NO ONE HAS A MONOPOLY ON THE DEFINITION OF A MONOPOLY.

- DAMON ROOT

Google Is Big. Is That Bad?

"THIS VICTORY AGAINST Google is an historic win for the American people." So declared U.S. Attorney General Merrick Garland in response to District Judge Amit Mehta's August 5, 2024, ruling in United States v. Google, which found the tech giant guilty of amassing and wielding illegal monopoly power over the online search market.

What Garland left unsaid was that the ruling was also a win for his boss, President Joe Biden, and for his boss's predecessor, former President Donald Trump. That's because the federal case against Google did not originate with the Biden Justice Department; it originated with the Trump Justice Department. "Two decades ago, Google became the darling of Silicon Valley as a scrappy startup with an innovative way to search the emerging internet," the Trump administration argued in its original 2020 lawsuit. "That Google is long gone. The Google of today is a monopoly gatekeeper for the internet." In an increasingly polarized political climate, the Google ruling was hailed as a rare triumph for bipartisanship. At last, the thinking went, the two parties can finally agree on something.

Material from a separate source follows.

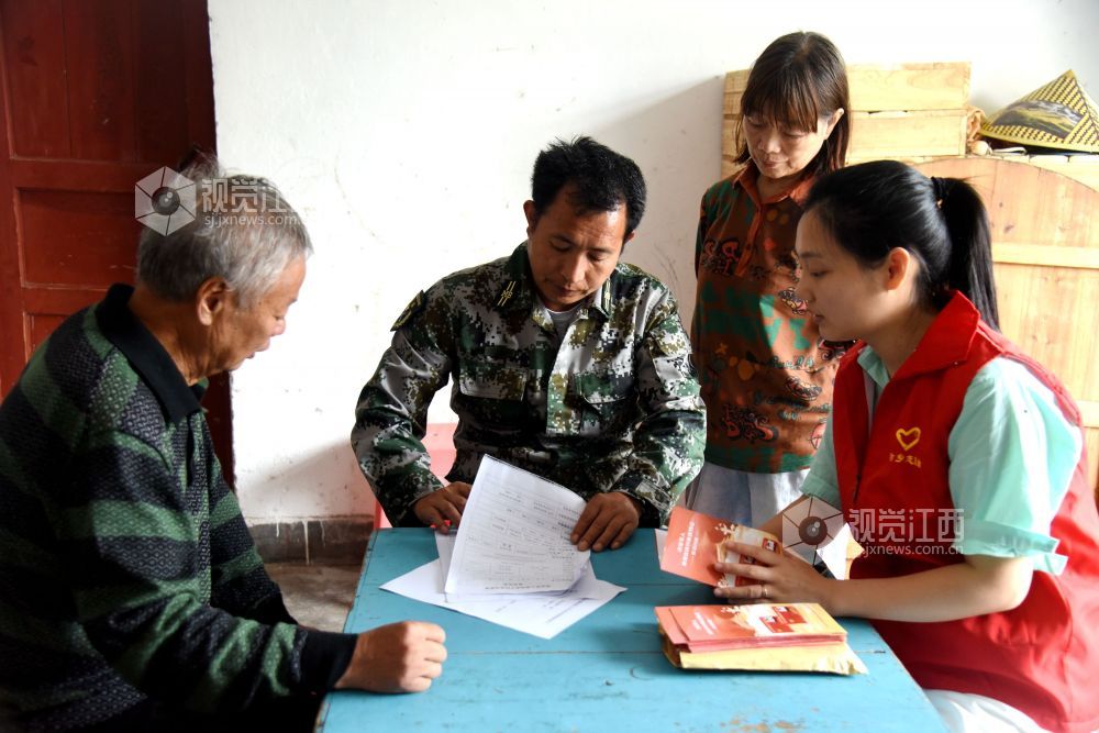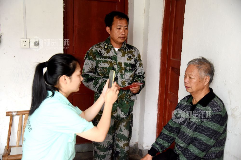 2022年6月8日,江西省抚州市南丰县傅坊乡退役军人服务站工作人员和退役军人志愿者来到傅坊村退役军人付毛牙家中,上门为他提供照相、采集、登记、录入等“一站式”服务,打通为退役军人服务的“最后一公里”。

Yet the ruling was not uniformly celebrated among legal and policy experts. Mehta's judgment "may not hold up on appeal," argued Alden Abbott, former general counsel at the Federal Trade Commission. Instead of harming consumers, Abbott wrote, Google's search engine "likely raised consumer welfare, which the Supreme Court has deemed the overarching goal of antitrust enforcement." Nor did the ruling give much weight to consumer choice, effectively ignoring the actions of the many consumers who have opted to use Google search precisely because they view it as the best product around.